▸ To do
Write out every line exactly, from the start of the records below to the line with "擊殺指定副本內怪物隨機掉落「暗夜軟糖」或「傑克南瓜兌換卡」。", and stop there. Don't write out the pictures.

Data entries:
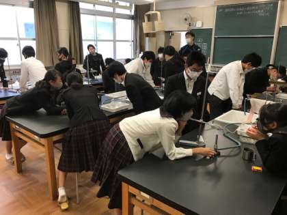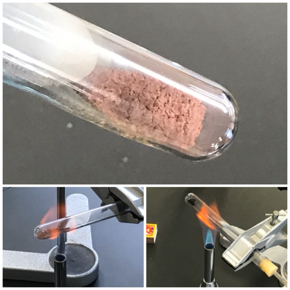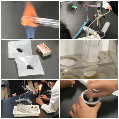 理科室で「酸化銅と活性炭の混合物を加熱してできる物質を調べる」実験が行われていました。
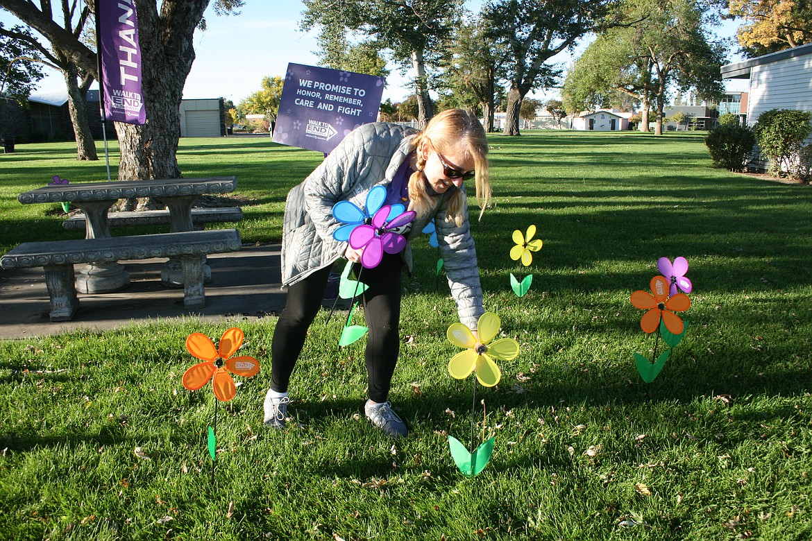 Participants walk 1.5 miles down Pioneer Way and loop back to MLHS. Walkers carry flower-petal pinwheels in different colors, signifying how they have been affected by the disease.
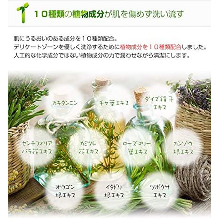肌へのやさしさを考えた処方も特徴のひとつ。10種類のフリー処方・99%の天然成分・弱酸性と、デリケートゾーンへの負担を抑えた設計なので、肌が敏感な人でも使いやすい商品です。
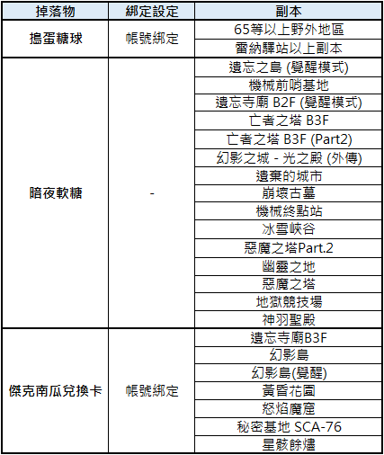 擊殺指定副本內怪物隨機掉落「暗夜軟糖」或「傑克南瓜兌換卡」。
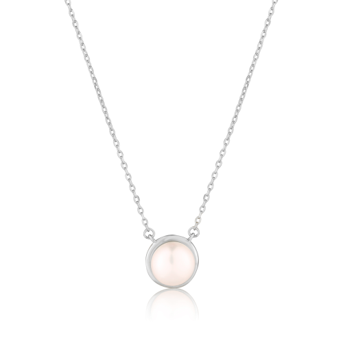 VLASTNOSTI Materiál: rhodiované stříbro Délka řetízku: 45 cm Barva: stříbrná Barva: bílá Ryzost: Ag 925/1000 Osazení: perla Povrchová úprava: bez povrchové úpravy
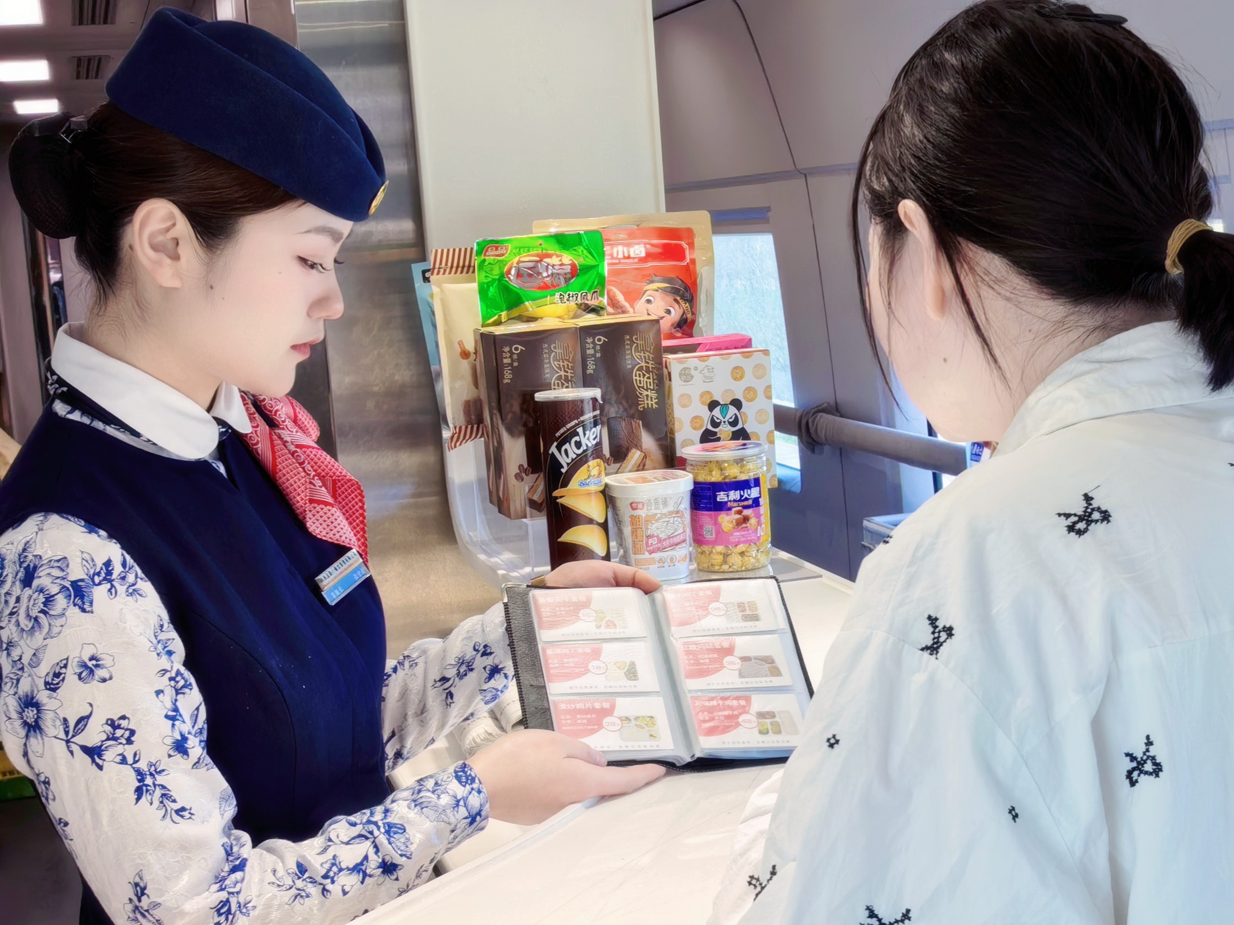 在宜路行公司擔(dān)當(dāng)?shù)母哞F列車上,她主動(dòng)為旅客介紹著餐車所經(jīng)營(yíng)品類,同時(shí),告訴旅客還可以通過(guò)座位二維碼手機(jī)訂購(gòu)各類營(yíng)養(yǎng)快餐、咖啡茶飲、休閑食品等所需服務(wù),都能夠選到獨(dú)特的美食,小酥肉、宮保雞丁、肉三鮮等營(yíng)養(yǎng)快餐,每一道菜品都融合了陜西風(fēng)味和美食文化的傳承。更有特色小吃,香醇可口的羊肉泡饃、口感醇厚的稀糊爛臘牛肉和西北人都愛(ài)喝的胡辣湯,讓旅客在高鐵上也能品嘗到地道的傳統(tǒng)美食盛宴。
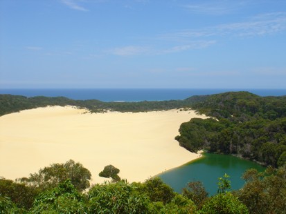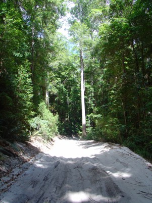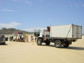 Vom See aus sind wir dann einem Schild in Richtung Strand gefolgt. Nach einer ganzen Zeit stellten wir zuerst fest, das der Temperaturanzeiger im roten Bereich stand und dann das der Motor den Geist aufgab. Da standen wir nun. Mitten auf der Piste und wie sich nach todesmutigem öffnen der Motorhaube herausstellte, ohne Kühlerwasser. Der Schlauch zum Kühler war kaputt. Nach einer ganzen Zeit füllte sich zu beiden Seiten der Weg. Und hier möchte ich ein großes Kompliment an alle Australier allgemein und die netten Leutchen von Fraser Island im speziellen aussprechen. Alle haben sofort geholfen, ob es Flickband um den Schlauch wickeln oder ein paar Schluck Wasser in den Kühler schütten war. Oder einfach nur ein paar aufmunternde Worte sprechen. Keiner war mehr in seinem Auto, jeder stand bei uns und hat sich beteiligt. Irgendwann war genug Klebeband um den Schlauch gewickelt und der Kühler aufgefüllt. Als der Motor wieder abgekühlt war ging er dann auch wieder an. Nach freundlicher Verabschiedung von allen konnte es also (solange das Klebeband trägt) weitergehen. Uns war natürlich klar, das wir so nicht bis unendlich weiterfahren konnten. Wir waren auf jedem Meter darauf gefasst, das der Schlauch wieder aufging. Es reichte aber noch, einen weiteren idyllischen See, der von drei Seiten von Wald und von einer Seite von einer riesigen Sanddüne eingefasst war, zu sehen. Auf dem weiteren Weg zum Strand war dann endgültig Ende. Mit lautem Getöse flog das Klebeband ab und wir standen wieder ohne Wasser da. Das erste Auto, das in unsere Richtung vorbeikam, war leider total besetzt. Die Leute versprachen aber, im Ressort bei der Vermietfirma Bescheid zu sagen, wo wir seien. Da wir nicht auf unsere Rettung warten wollten, haben wir die Kiste dort stehen lassen und sind zu Fuß weiter. Nach kurzer Zeit kam noch jemand vorbei, der uns den weiteren Weg mitgenommen hat. Ein netter Australier, der auf dem Weg zum Angeln war. Seine Frau hatte er zum "sunbaking" im Ressort gelassen. Er hatte nen heißen Reifen drauf und so waren wir recht zügig am Strand.
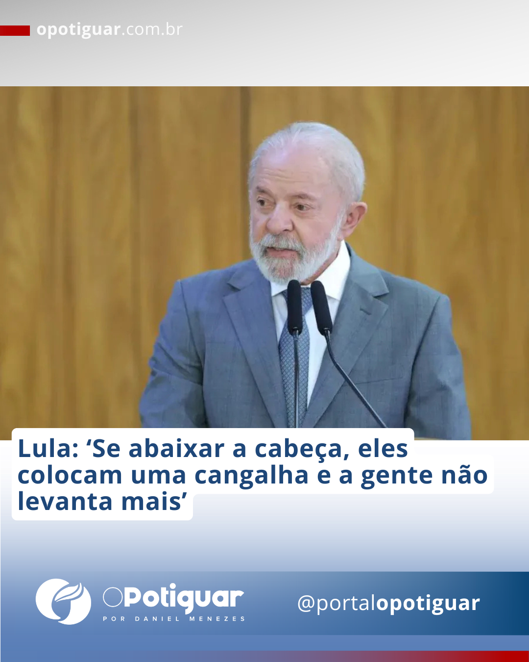 O presidente Luiz Inácio Lula da Silva disse, nesta quinta-feira (24), que vai continuar buscando negociações com os Estados Unidos e que vai apoiar o empresariado brasileiro que for prejudicado, mas afirmou que é preciso manter a cabeça erguida. “Não abaixe a cabeça nunca. Porque se você abaixar a cabeça, eles botam uma cangalha e a gente não levanta mais”, disse o presidente.
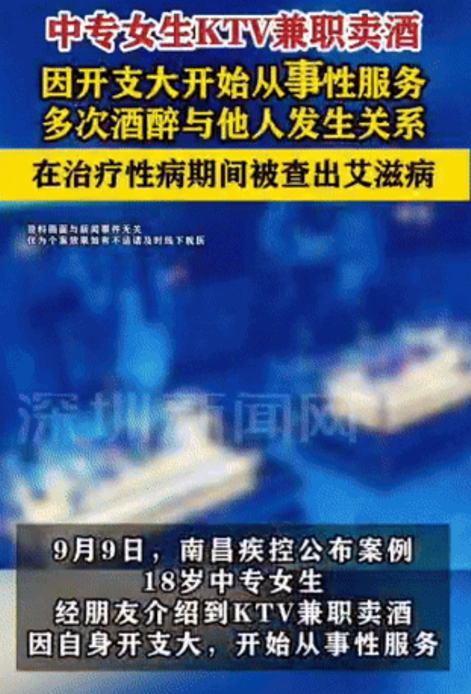 太令人唏嘘!江西南昌一名年仅18岁的中专女生,在朋友介绍下进入KTV卖酒。起初只是单纯推销酒水,但因收入难以维持开销,最终踏入灰色交易。没想到,没多久她就染上了性病,治疗期间还被查出感染艾滋,懊悔莫及。 “小琳,钱要花在该花的地方,别盲目攀比。”父母每次给生活费时总是这样叮嘱。 可小琳听在耳里,却常常觉得烦。 在中专读书的她,看着同学们用名牌、换新手机,自己却要精打细算度日,心里不免失落。为了“撑面子”,她的开销越来越大,父母给的钱远远不够。 正愁无路子时,朋友建议她去KTV卖酒:“提成高,赚得快,你可以试试。” 小琳心动了,当即开始尝试。 一开始,她只是努力推销酒水,逗客人开心,收入也有所增加。可很快,她发现有的女生轻轻松松就能赚到更多钱。打听后才知道,那些人提供的是不法服务。 “干几个月就能攒下一大笔钱,想买什么都有。”抱着这样的念头,小琳最终没能抵挡诱惑。 她只有18岁,又是学生身份,很快便吸引了不少客人。既推销酒水,又提供灰色交易,她的收入果然水涨船高。 有了钱,她立刻买下了渴望已久的衣服和化妆品,终于能在同学面前“挺直腰杆”。 然而,这样的日子并未持续太久。 很快,她感觉身体不适。一开始只是瘙痒,她并未放在心上。但情况越来越严重,还伴随发热。直到去医院检查,小琳才彻底崩溃——检查报告显示,她不仅感染了性病,还确诊为艾滋。 年纪轻轻的她,面对这样的结果,简直无法接受。此刻,她才想起母亲的叮嘱,可一切都追悔莫及。 消息一出,引发网友热议。有人替小琳惋惜,认为她年纪轻轻就被毁了后半生;也有人痛斥其虚荣攀比、不务正业,觉得如今的下场完全是咎由自取。 俗话说,君子爱财,取之有道。赚钱本无错,但应当通过正当途径。做家教、兼职餐馆、发传单,虽然辛苦,收入有限,却光明正大、心安理得。小琳却选择了“捷径”,结果不仅断送前途,还可能涉嫌违法。 根据《治安管理处罚法》第66条规定,卖淫嫖娼可处10至15日拘留,并处5000元以下罚款;情节较轻的,也要拘留或罚款。嫖客同样要承担法律责任。 如果小琳的感染源于他人故意传播,那对方还可能涉嫌“传播性病罪”,须追究刑责。而若在小琳醉酒、无意识或非自愿情况下发生关系,则已触及强奸罪的边界,同样要承担刑事责任。 但对小琳而言,再追责也无济于事。她只能接受治疗,在无尽悔恨中继续生活。 此事再次警醒世人: 靠自己双手挣钱才是正道。妄想“躺赚”,不仅可能触法,还会让健康和人生尽毁。一旦染上恶疾,悔之晚矣。
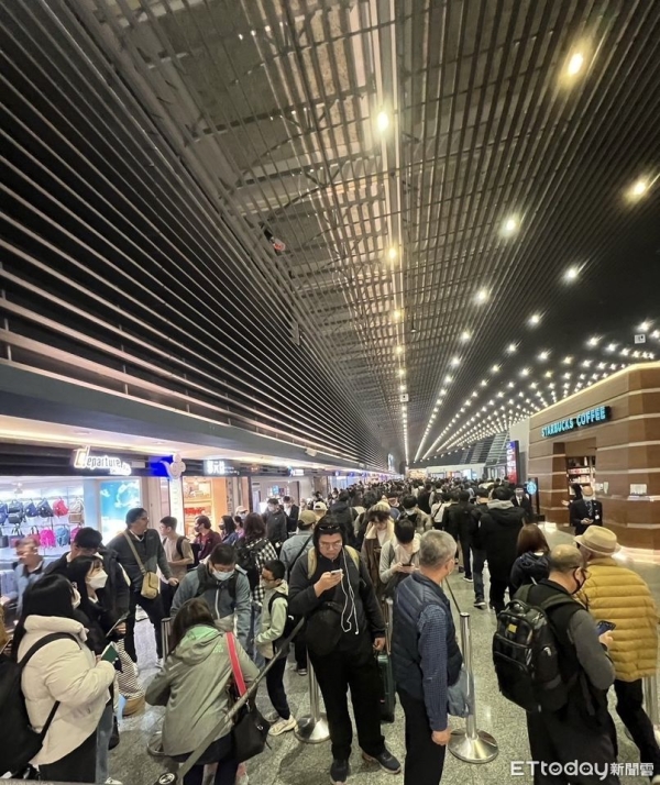 有旅客投訴指出,今早至桃機第一航廈搭機,他已提早兩小時抵達機場,想不到通關隊伍竟從樓上排到樓下,排隊等了1小時才等到安檢,不少航空公司到隊伍中找客人,保全也要求旅客好好排隊,有旅客擔心趕不上飛機大聲催趕,現場情形十分混亂。

▸ Solution to this task
 理科室で「酸化銅と活性炭の混合物を加熱してできる物質を調べる」実験が行われていました。
 Participants walk 1.5 miles down Pioneer Way and loop back to MLHS. Walkers carry flower-petal pinwheels in different colors, signifying how they have been affected by the disease.
肌へのやさしさを考えた処方も特徴のひとつ。10種類のフリー処方・99%の天然成分・弱酸性と、デリケートゾーンへの負担を抑えた設計なので、肌が敏感な人でも使いやすい商品です。
 擊殺指定副本內怪物隨機掉落「暗夜軟糖」或「傑克南瓜兌換卡」。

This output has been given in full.